CJ: My problem, too. Thank goodness the government is there to help us both.

Motheratlarge said...

Another cracking posting, Omega Mum. Trust that with time you'll once again be able to enjoy Clair de la lune as Debussy intended it - without memory of enduring it with hangover. It was Debussy, wasn't it? Oh, how embarrassing. Now I'm not sure...

Omega Mum said...

You're probably right, MAL. But put it this way, if you weren't, I wouldn't know anyway. I've not yet gone into my music teaching credentials, have I?

Anonymous said...

Jolly good news, people should definitely drink in wine bars rather than at home that way when they drive home bladdered the cops pick them up, they get a driving ban, congestion halved at a stroke.

Kev

Omega Mum said...

Thanks Kev. Presumably that comes into the 'every cloud has a silver lining' category?

Anonymous said...

I heard someone on the radio, going on about giving drinking advice to the middle aged middle classes who quaff too much vino at home.
Among the audio clips was someone saying "they're not alcohol-dependant..." and it was at this point that I thought "that's OK then," so I raised my glass to the radio and said,
"Cheers"

Omega Mum said...

Quite right, too. Your government is proud of you.

Mutterings and Meanderings said...

I think you should take a job as a Government advisor...

Drunk Mummy said...

I must admit, that because this news item contained the words 'government' and 'responsible drinking' it got blocked by my internal spam filter.
I think your reaction is a healthy one.

Omega Mum said...

Actually, M&M, I already have, and what you're reading is state-sponsored propaganda with a cunningly designed subtext designed to woo you all into leading a healthier lifestyle.
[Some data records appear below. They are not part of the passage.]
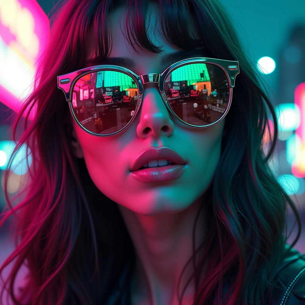 extreme close up face only A vaporwave cyberpunk woman with long wavy hair, wearing a mirrored sunglasses. The color palette is neon green and pink, The background features a neon-lit city street at night,, painting by Jko, hyperrealism | Pixar gloss | polished, Anato Finnstark | Android Jones | Darek ...
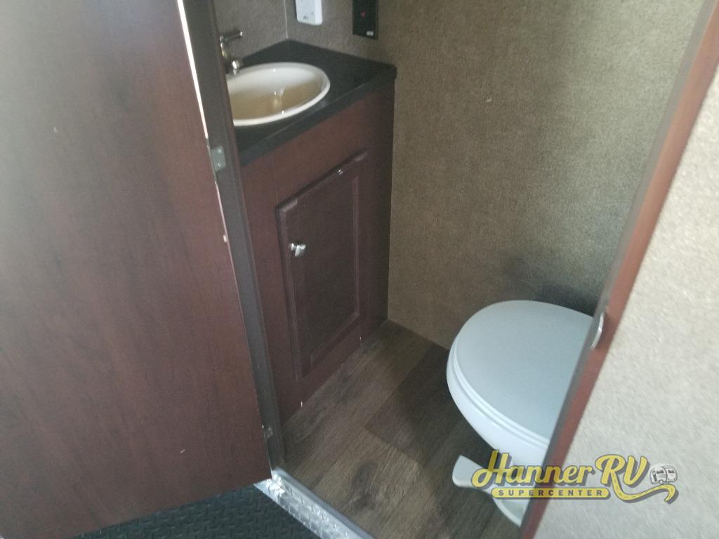 Get started with 12' of garage space including a rear ramp door for ease of loading and unloading. There is also a side man door into the cargo area if you need to check on things while on the move or after the rear ramp door is closed. There is also an additional loft space in the front of the cargo area and a convenience half bath too. A ladder to the loft can be found just inside the main living area door.
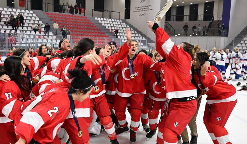 İstanbul'da düzenlenen Kadınlar 18 Yaş Altı Buz Hokeyi Dünya Şampiyonası 2. Klasman B Grubu'ndaki 4. maçında İzlanda'yı 2-0 yenen Türkiye, altın madalya elde etti.

I'm not sure where Bad Lindy fits into it, yet. Unless she's actually running the country.

@themill said...

Just love your humour - far too clever for a government advisor M&M.

Unknown said...

I guess the government have gone for the more mature end of the market in the hope that they might pay more attention than the young did! Some hope!

Nothing is more likely to make me carry on regardless with my current (unhealthy) lifestyle than the dreaded phrase "government guidelines"!

Omega Mum said...

Dear Drunk Mummy and Funky M. Carry on drinking, then. Cheers!

@The Mill. There's nothing like being told what to do to get the jokes flowing. Thanks.

Anonymous said...

First they came for the smokers, and now they'll pick off the drinkers.

Temporarily forgetting your kids' whereabouts for a few hours shouldn't be a crime...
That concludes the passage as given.